Hardy Plumbing
September 02, 2009

Jerry's Ink

Don't Eat Foie Gras

I attended one of those big Hampton charity events last Saturday night and found myself under a crowded tent which was the size of Hampton Bays. I somehow got separated from my wife, the beautiful Judy Licht, and was walking around, totally lost.

A man, whom I swear I have never seen in my entire life, came over and said, "Jerry, you're looking great!" Then he gave me the kind of hug you wouldn't give to anyone until at least the third date. Then he said, "Stay healthy. Never eat foie gras."

"Foie gras?" I said, thinking this was some sort of a weird dream.

"Foie gras!" he answered and walked off to hug and warn another stranger.

What is this with the hugging stuff? It used to be, when I was a kid a million years ago, that the only time men hugged other men was at funerals.

This was followed by an awkward conversation about the condition of the body lying there. "I'm so sorry, but he or she looks very good." Then what would follow was a conversation about what a great job the undertaker had done with the dead body.

I remember when my first wife's grandfather died. A woman came in to the funeral home screaming the dead man's name. She rushed to the casket. Then she screamed: "Look at him! Look at him! He looks so natural. He looks like he can get up and walk."

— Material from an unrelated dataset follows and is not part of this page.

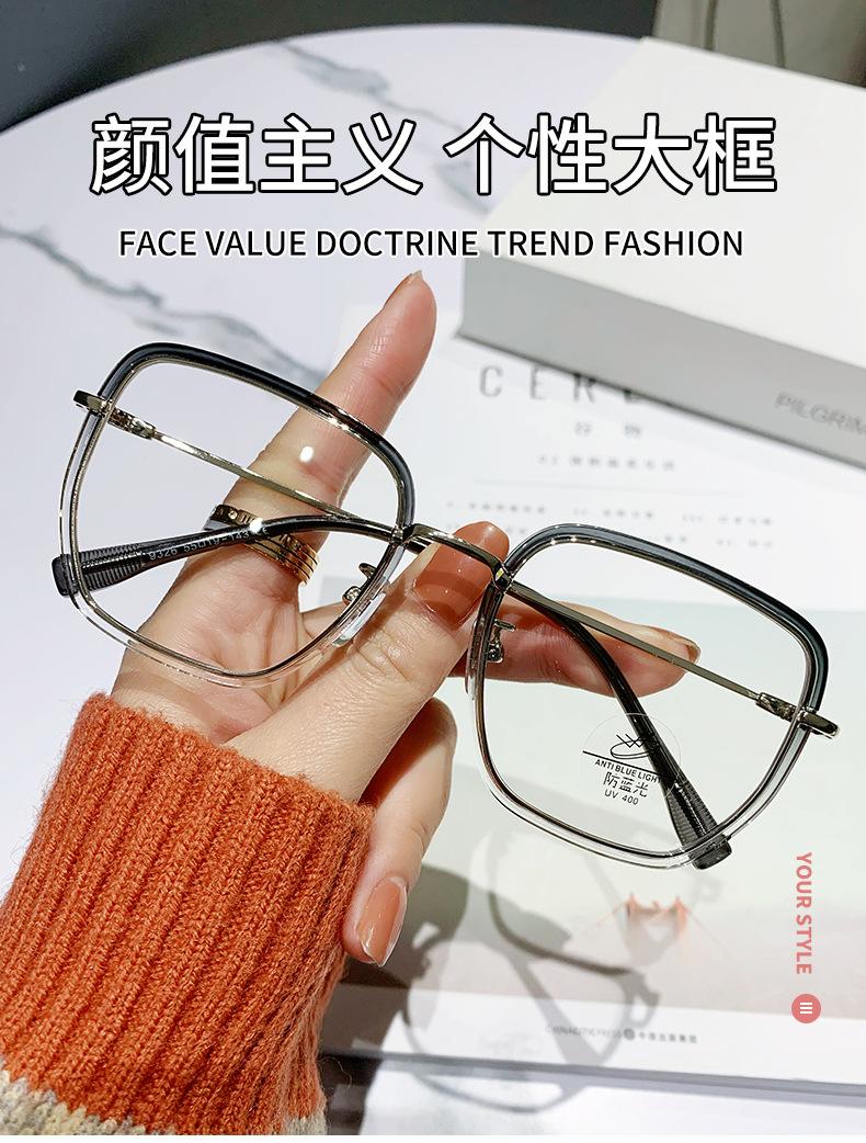 Armazón de Lentes para Hombre Estilo Coreano Anti Luz Azul para Cara Grande, Aspecto Adelgazante Sin Maquillaje, Armazón Grande para Mujer, Estilo Poligonal de Celebridad de Internet de Moda Lentes para Miopía

That's when I whispered, perhaps a bit too loudly, "If your grandfather so much as moves a muscle I'm out of here." In retrospect my wiseass remark might have contributed to the end of my marriage.

As it turns out I'm really at a disadvantage in a large group of people, be it a wedding or a funeral or a big-time Hamptons charity event. I'm inept at making conversation. I don't recognize anyone.

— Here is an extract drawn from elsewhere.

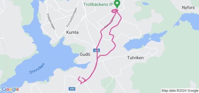 Sprang till Trollbäckens IP och Freds friidrottsträning när Fred cyklade. Sen sprang jag ett gäng varv på IP, snabbt när det fanns utrymme och långsammare ibland. Sen hem igen med Fred på cykel.
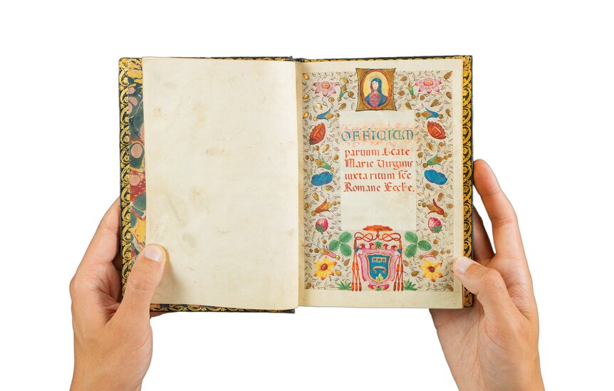 fol. II: 19th century frontispiece with unidentified coat of arms belonging to an Italian cardinal, illuminated borders on four sides and the Portrait of the Virgin in a medallion

That all showed up the other night at this charity event when I ran into a woman whose name or face I couldn't recall. Judy greeted her with a big hug and the woman said "Jerry!" and turned her head to be kissed. I leaned over and kissed her partially on the lips and partially on her nose.

Which brings me to my problem with double-kiss women.

I was brought up in a time when, upon greeting a female acquaintance, one would give her a single innocent peck on the cheek. Those women who were not interested in being kissed would, upon meeting a man, extend their hand and ward him off, settling for a soft, limp handshake. But these days I'm dealing with the new, liberated, European-influenced "double kiss" woman.

I was at a party recently where I saw a woman I've known for years. The minute our eyes met she quickly turned her face.

Not having all that much confidence in my relationships with the opposite sex I immediately thought, "She hates me. She's turning away from me." After the longest three seconds of my life it dawned on me that she wanted me to kiss her cheek. I stumbled forward and just barely brushed her cheek. That's when she whiplashed her head and presented me with the other cheek. This threw my timing off and I fell against her and my kiss landed on her ear, hard. I felt her gold earring on my lips going into my mouth. "God," I thought, "if she had turned any faster I might have accidentally swallowed her earring."

The thought of swallowing and possibly choking on an earring at a cocktail party and the four glasses of wine I had consumed made me giggle. "What's so funny?" she asked. Before I could answer she snapped her head away from me. I was about to kiss her for the third time when I realized that she had dismissed me and was setting her face for a kiss by another man.

I went for my fifth glass of wine determined that, for the rest of the night, I was not going to kiss another woman or hug another man.